After the death of the King's favourite, the duc de Luynes, in 1621, Richelieu rose to power quickly. The year after, the King nominated Richelieu for a cardinalate, which Pope Gregory XV accordingly granted in September 1622. Crises in France, including a rebellion of the Huguenots, rendered Richelieu a nearly indispensable advisor to the King. After he was appointed to the royal council of ministers on 29 April 1624, he intrigued against the chief minister, Charles, duc de La Vieuville. On 12 August of the same year, La Vieuville was arrested on charges of corruption, and Cardinal Richelieu took his place as the King's principal minister the following day, although the Cardinal de la Rochefoucauld nominally remained president of the council (Richelieu was officially appointed president in November 1629).

Chief minister

Cardinal Richelieu's policy involved two primary goals: centralization of power in France and opposition to the Habsburg dynasty (which ruled in both Austria and Spain). He saw the reestablishment of the Catholic orthodoxy as a political maneuver of the Habsburg and Austrian States which is detrimental to the French national interests.
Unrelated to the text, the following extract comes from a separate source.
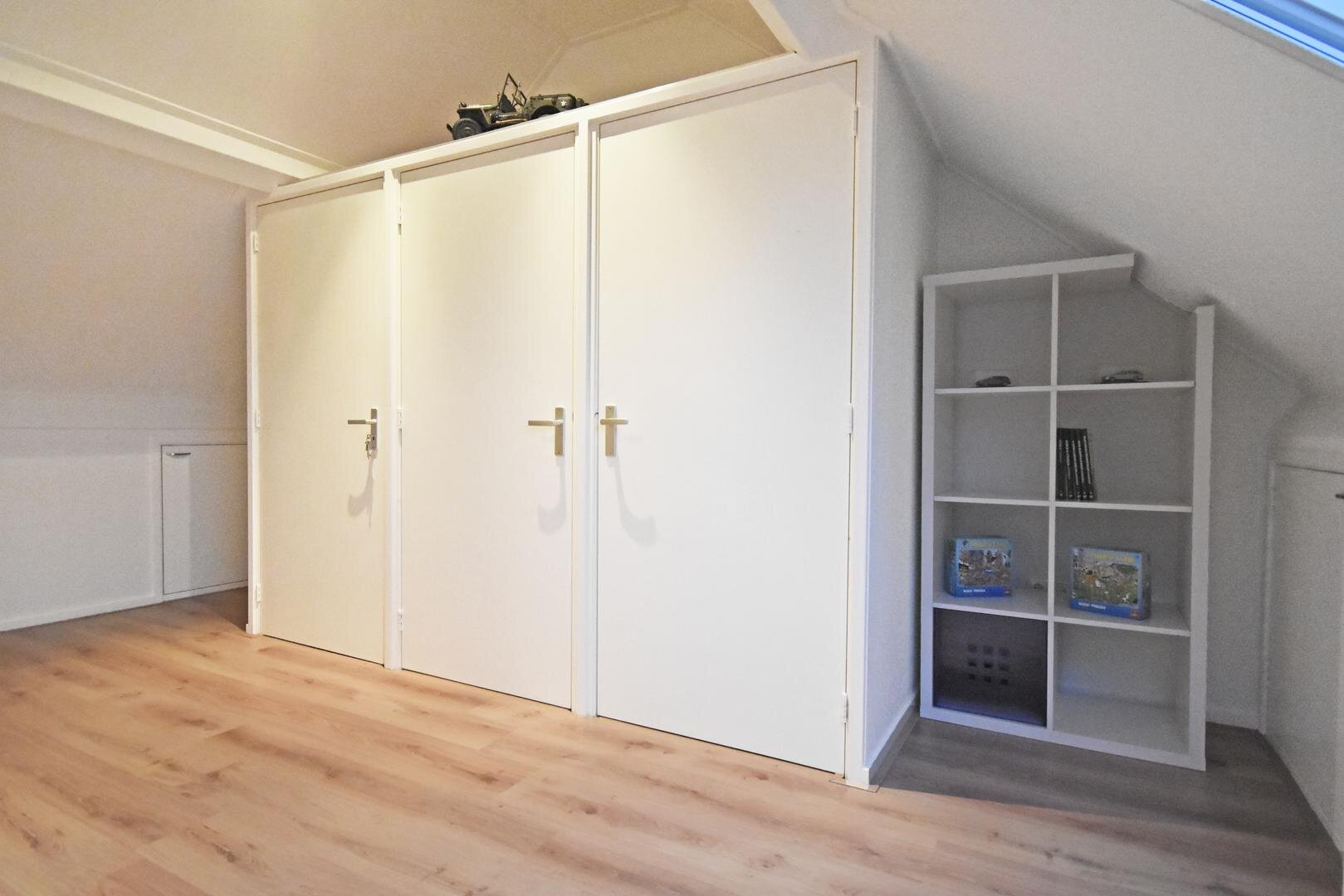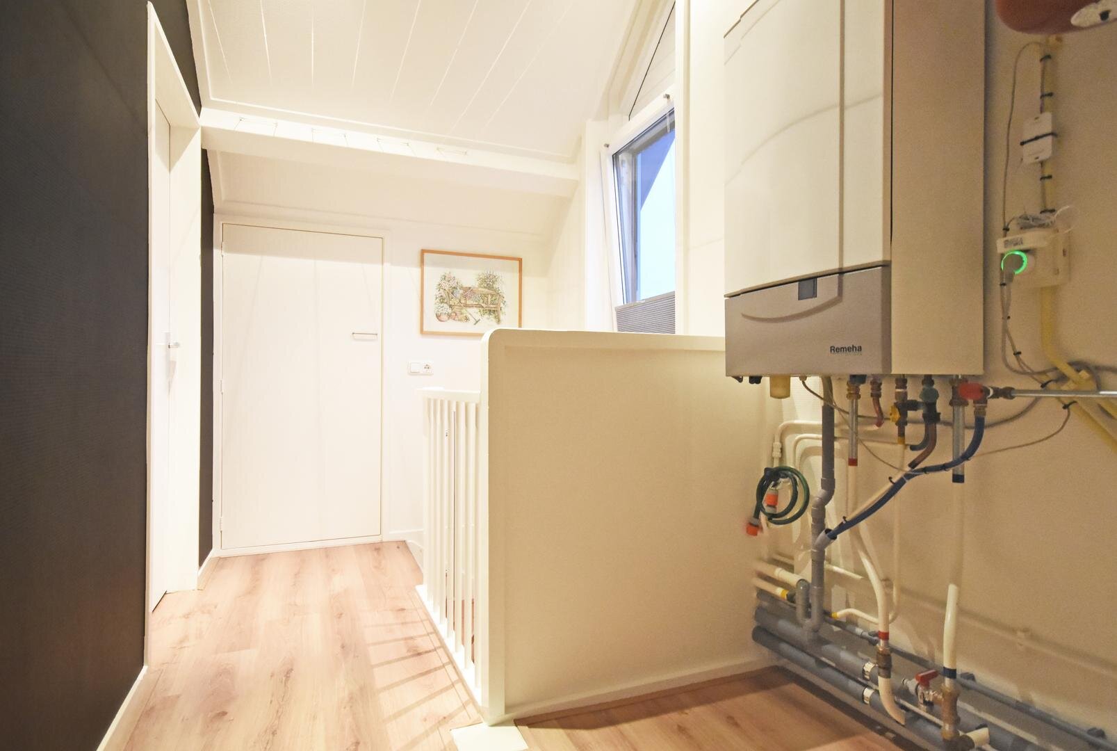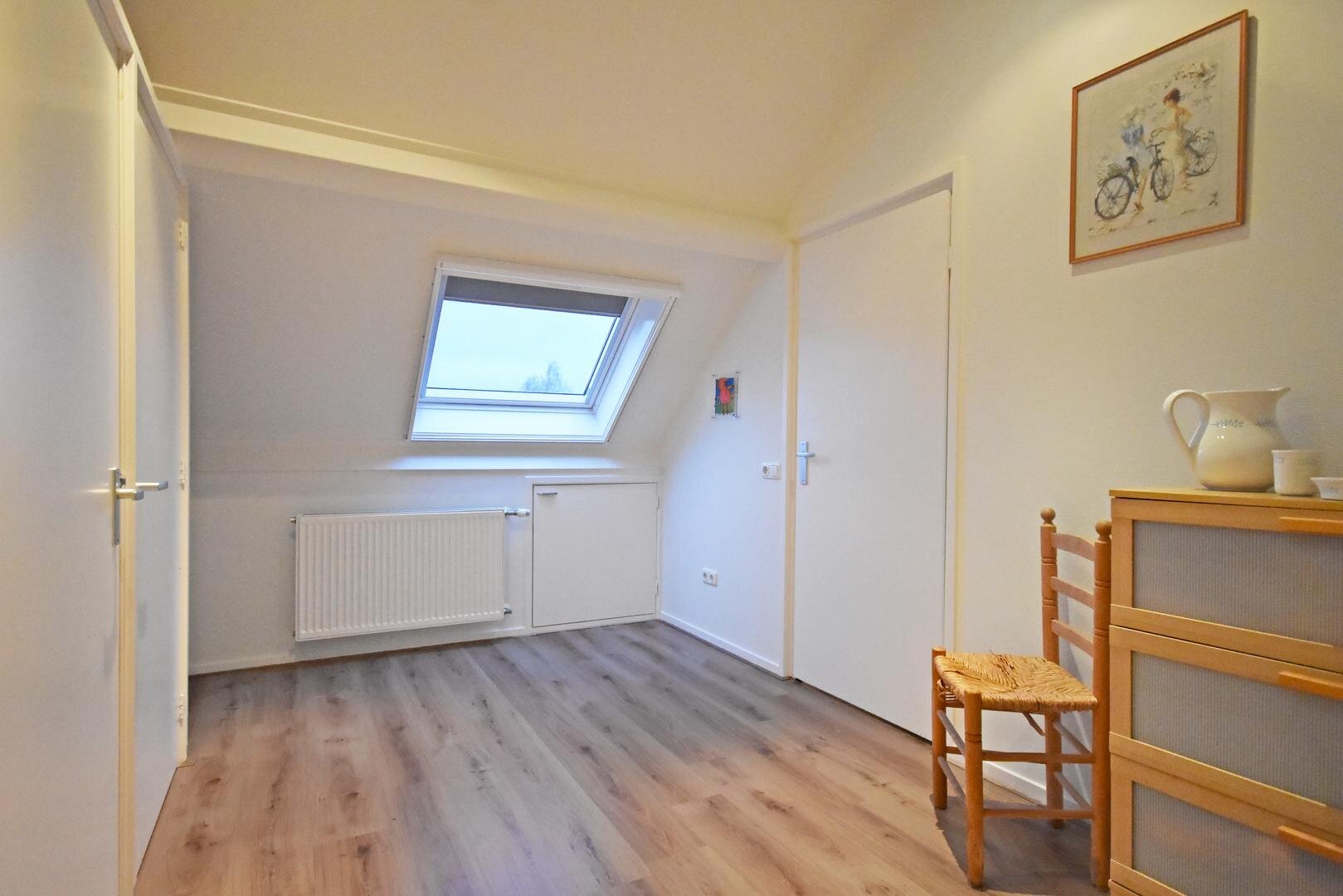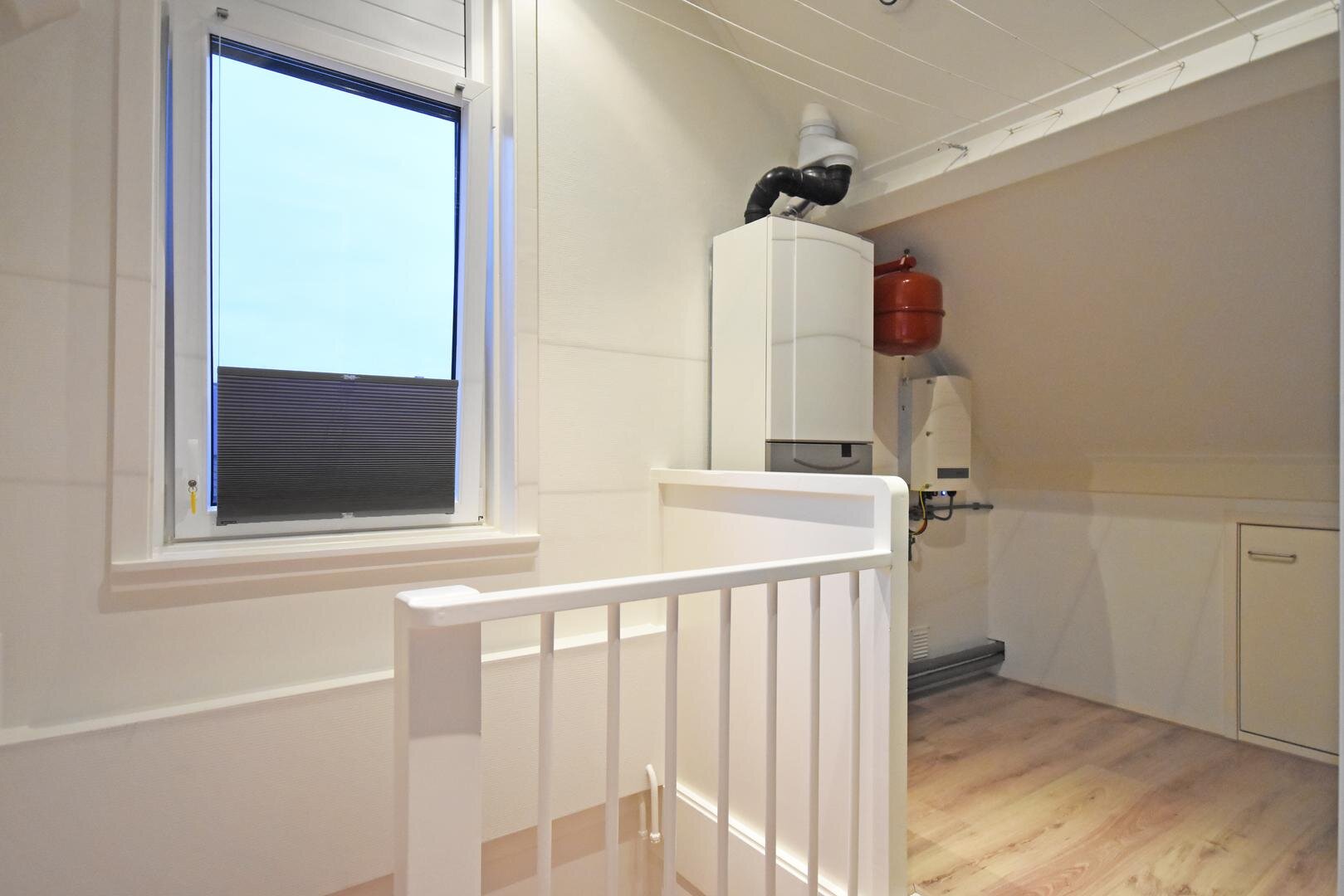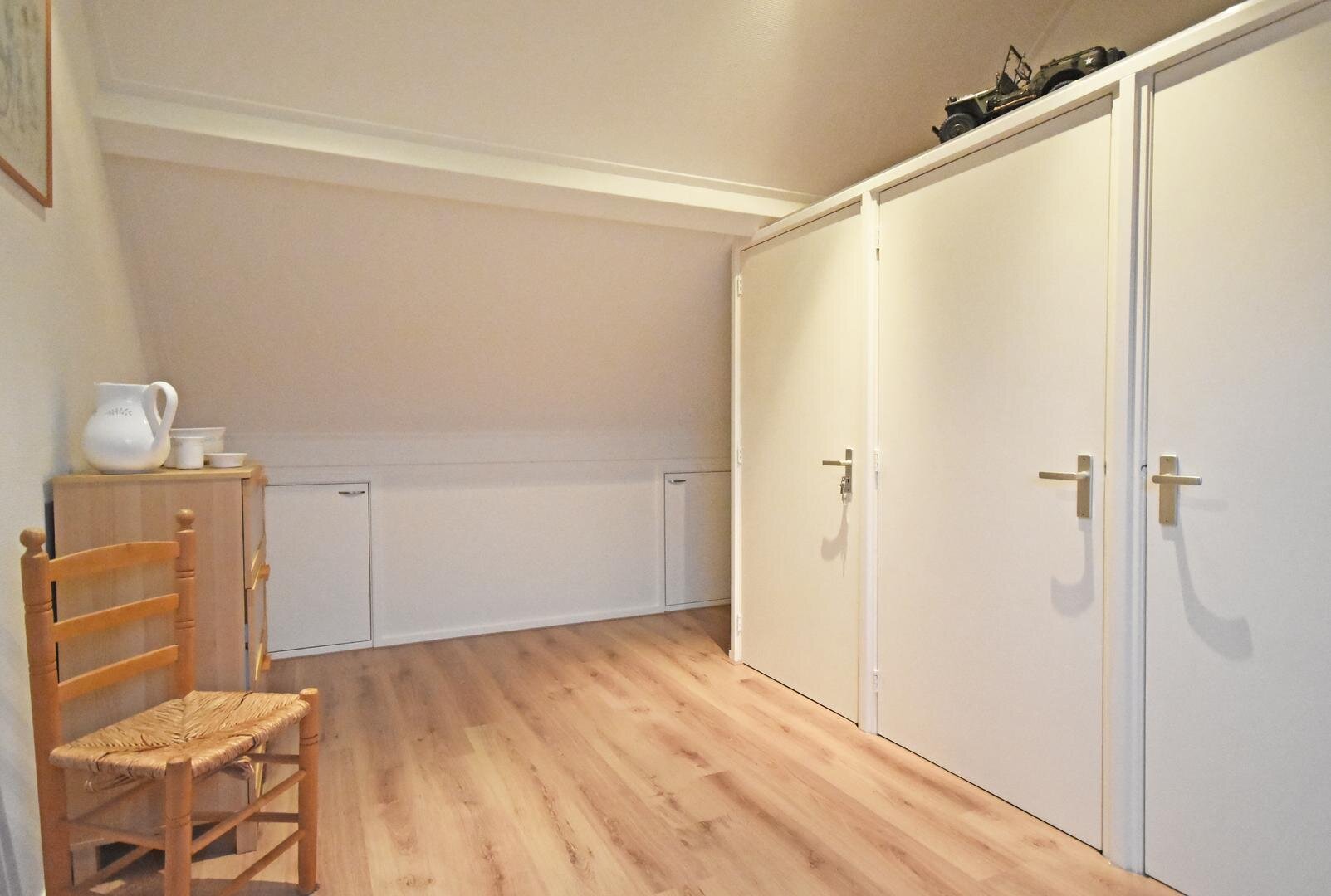 2e verdieping: vaste trap naar overloop met laminaatvloer en c.v.- en bergruimtes, ruime 4e slaapkamer met laminaatvloer, groot vernieuwd dakraam, vaste kasten en bergruimtes.

Shortly after he became Louis' principal minister, he was faced with a crisis in Valtellina, a valley in Lombardy (northern Italy). To counter Spanish designs on the territory, Richelieu supported the Protestant Swiss canton of Grisons, which also claimed the strategically important valley. The Cardinal deployed troops to Valtellina, from which the Pope's garrisons were driven out. Richelieu's early decision to support a Protestant canton against the Pope was a foretaste of the purely diplomatic power politics he would espouse in his foreign policy.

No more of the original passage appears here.